– Это так, мысли всякие. О природе времени, материи и вообще, – с нарочитой небрежностью пояснил я, бросая тетрадку на стол.
– О времени? – Лена посмотрела на меня несколько странным взглядом, но, к счастью, дальше развивать эту тему не стала, переключив внимание на висящую на спинке кровати гитару. – А это твоя гитара?
– Моя.
– Можно?
– Пожалуйста.
Осторожно взяв инструмент, она несколько раз тронула пальчиком струны, потом вздохнула и протянула гитару мне:
– Знаешь, всегда мечтала научиться играть на такой.
– И как? Научилась?
– Не-а. У нас в семье только папа умеет.
– Молодец папа, – усмехнулся я, садясь перед Леной на стул и начиная подстраивать колки на «Кремоне».
– Да. Он молодец, – рассмеялась гостья. – А ты, как я понимаю, тоже умеешь?
– Ну, я, конечно, не Андрес Сеговия, но… могу кое-что.
– Сыграешь?
– Для тебя – все что угодно.
От таких слов Лена неожиданно покраснела, но затем все же оправилась от смущения и, чуть подавшись вперед, приготовилась слушать. Пристроившись на самом краешке казенной кровати, устремив в меня взгляд, закинув ногу на ногу, выпрямив спину и обхватив руками свою ну очень соблазнительную коленку.
Выдерживаю небольшую паузу, перехватываю поудобней гитару, медленно провожу рукою по струнам.
«Что же мне ей сыграть? Что-нибудь новенькое? То, что здесь еще не слыхали? А может, наоборот, что-нибудь совсем свежее, но пока не слишком известное?..»
Размышления длятся недолго. Пока одна (рациональная) часть мозга пытается подобрать подходящую для исполнения песню, другая (трансцендентная) уже раздает команды: «Нечего думать, играй что играется, пой что поется». И я пою. Неведомо что. То, что навеяно подсознанием.

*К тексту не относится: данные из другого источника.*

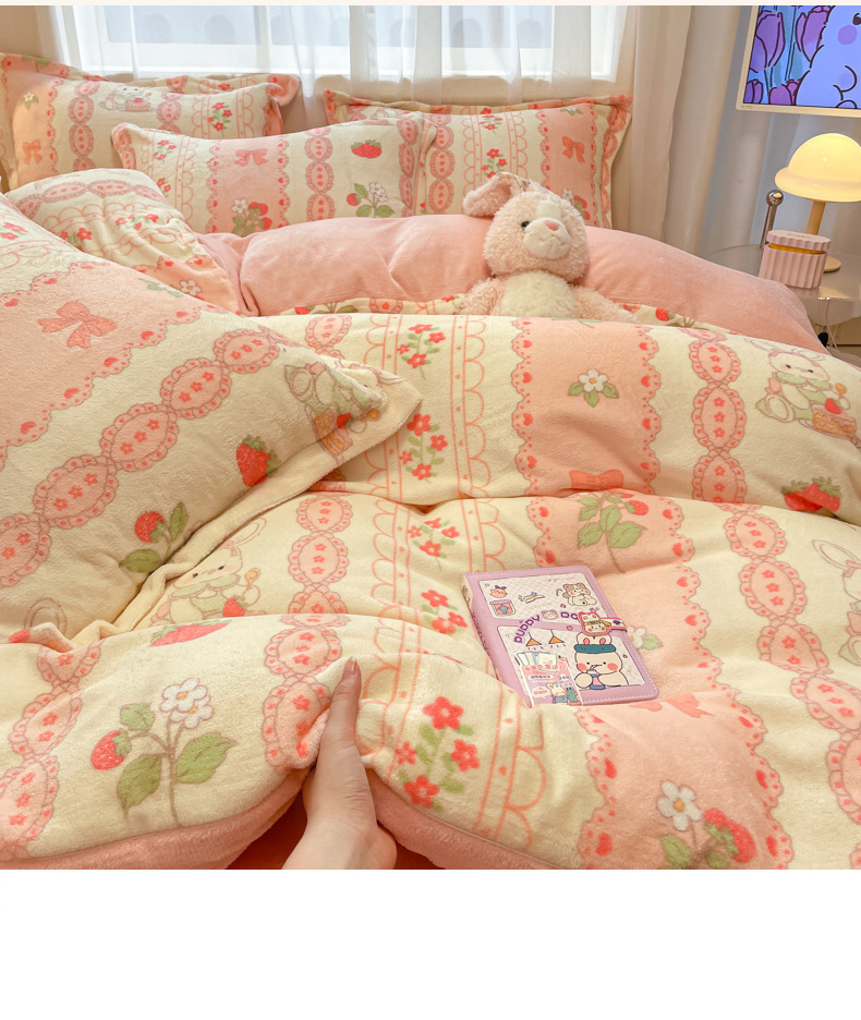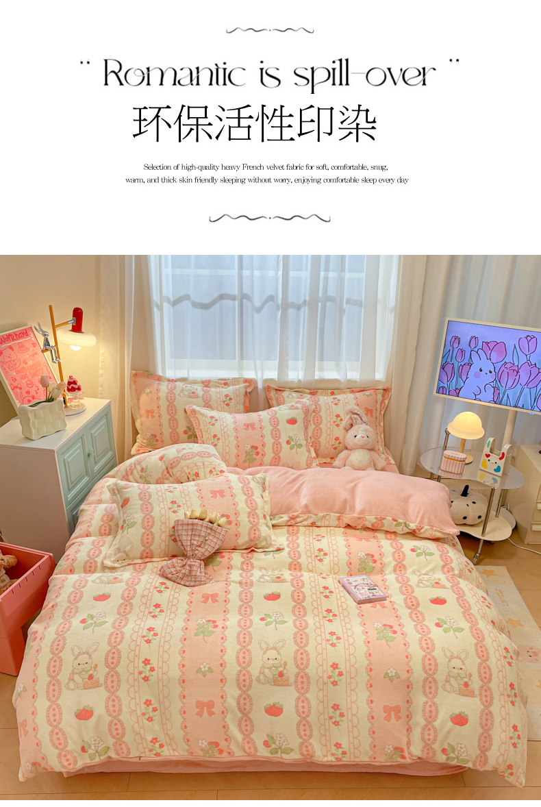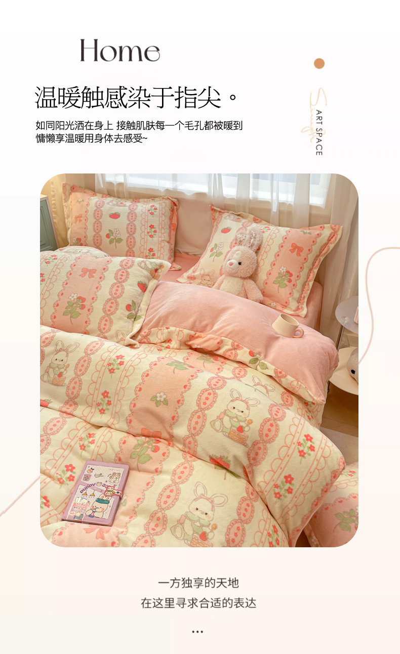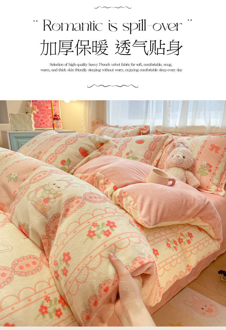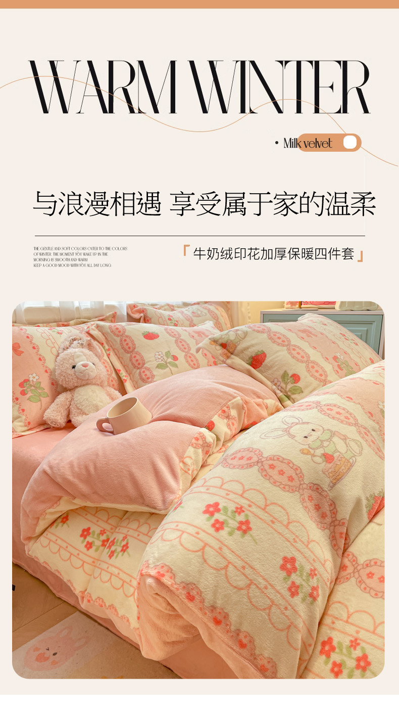 当前位置: 91家纺网 > 商品网购 > 床品套件 > 四件套 > 牛奶绒四件套 > 柒月 2024新款小清新牛奶绒印花加厚保暖四件套 蕾丝兔兔

Все, что я пел – упражнения в любви
Того, у кого за спиной
Всегда был дом…
«Господи! Что я пою?! Я же совсем не это хотел! Что теперь Лена подумает?»
…Я никогда не хотел хотеть тебя
Так,
Но сейчас мне светло,
Как будто я знал, куда иду.
И сегодня днем моя комната – клетка,
В которой нет тебя…
Ты знаешь, что я имею в виду…
Лена смотрит на меня не мигая. Рот слегка приоткрыт, грудь вздымается, глаза блестят… А я все продолжаю и продолжаю… Певец, блин! Тетерев на току!
…Мне не нужно слов,
Чтобы сказать тебе, что ты —
Это все, что я хочу.
Все, что я хочу,
Все, что я хочу,
Все, что я хочу… [74]
«Все. Слава богу. Допел».
Жалобно тренькнув, гитара падает на кровать. Я ее почти ненавижу. Гитару, конечно, а не кровать. Медленно поднимаюсь со стула. В горле комок. Облизываю внезапно пересохшие губы.
Лена не отрывает от меня взгляда. Тоже встает, делает шаг навстречу. На шпильках она почти вровень со мной. Секунда, и ее руки уже на моих плечах. Еще секунда, и они обвивают шею. Губы у Лены мягкие, пальцы нежные, а язычок проворный и очень настойчивый.
Сопротивляться я ей не могу. Да и не хочу, если честно. Инстинкты в союзе с гормонами опять побеждают разум, плюют на все его бессмысленные потуги «остаться в рамках».
Поцелуи становятся все более и более страстными, на близость женщины организм реагирует так, как ему и положено. Одна рука уже шарит под блузкой, нащупывая застежки бюстгальтера, вторая скользит по талии вниз, подбираясь к самому «вкусному». Тела наши дрожат в предвкушении. К черту условности! К черту ненужные мысли! Пусть рушится мир, нас это сейчас не волнует. Есть только мы, и мы вместе, а все остальное – не важно!..
– Андрюха! Ты дома?
«Твою мать!»
Мы с Леной резко отрываемся друг от друга.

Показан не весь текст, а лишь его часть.